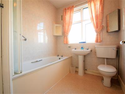 2.67m x 2.01m (8'9 x 6'7)White painted panelled door, vinyl flooring, white bath with shower over and a glass folding shower screen, pedestal wash basin, WC, boiler cupboard housing combination boiler, fully tiled walls, double glazed window, loft access hatch, radiator, ceiling light fitting.
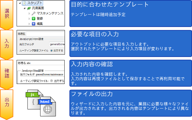 ここでは、業務スケルトンを利用した開発の流れについて説明します。業務スケルトンウィザードの実際の実行方法に関しては、 業務スケルトンの実行 を参照して下さい。業務スケルトンを利用した開発の流れでは、初回に業務スケルトンウィザードを利用し、アプリケーション開発における雛形を生成します。業務スケルトンウィザードを利用するに当たり必要な作業、手順は下記の図を参照下さい。その後、生成された雛形をカスタマイズし、開発目的に沿った形のアプリケーションへと開発を行います。アプリケーション開発中、開発後において雛形(テンプレート)化が可能であるコード、設定が存在する場合は、業務テンプレートを作成し、以降の開発に有用なテンプレートを作成する事をお勧めします。業務テンプレートの作成方法に関しては、 テンプレート作成チュートリアル を参照してください。
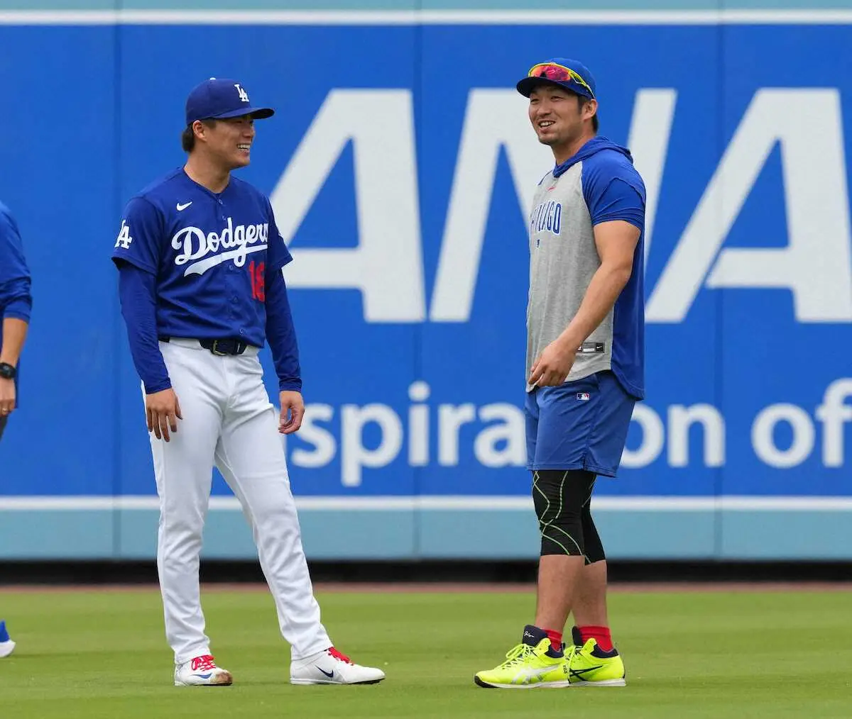 <ドジャース・カブス>談笑する今永(左)と山本(撮影・沢田 明徳) Photo by スポニチ ドジャース・山本由伸とカブス・今永昇太が投球談義?試合前に外野で10分… ギャラリーで見る この記事のフォト 2026年04月26日の画像一覧 もっと見る 2026年04月26日の画像をもっと見る

DESCRIPTION OF THE TASK:
When you write out the material, reproduce each line exactly and omit any picture it holds.

RESULT OF THE EXERCISE:
 2.67m x 2.01m (8'9 x 6'7)White painted panelled door, vinyl flooring, white bath with shower over and a glass folding shower screen, pedestal wash basin, WC, boiler cupboard housing combination boiler, fully tiled walls, double glazed window, loft access hatch, radiator, ceiling light fitting.
 ここでは、業務スケルトンを利用した開発の流れについて説明します。業務スケルトンウィザードの実際の実行方法に関しては、 業務スケルトンの実行 を参照して下さい。業務スケルトンを利用した開発の流れでは、初回に業務スケルトンウィザードを利用し、アプリケーション開発における雛形を生成します。業務スケルトンウィザードを利用するに当たり必要な作業、手順は下記の図を参照下さい。その後、生成された雛形をカスタマイズし、開発目的に沿った形のアプリケーションへと開発を行います。アプリケーション開発中、開発後において雛形(テンプレート)化が可能であるコード、設定が存在する場合は、業務テンプレートを作成し、以降の開発に有用なテンプレートを作成する事をお勧めします。業務テンプレートの作成方法に関しては、 テンプレート作成チュートリアル を参照してください。
 <ドジャース・カブス>談笑する今永(左)と山本(撮影・沢田 明徳) Photo by スポニチ ドジャース・山本由伸とカブス・今永昇太が投球談義?試合前に外野で10分… ギャラリーで見る この記事のフォト 2026年04月26日の画像一覧 もっと見る 2026年04月26日の画像をもっと見る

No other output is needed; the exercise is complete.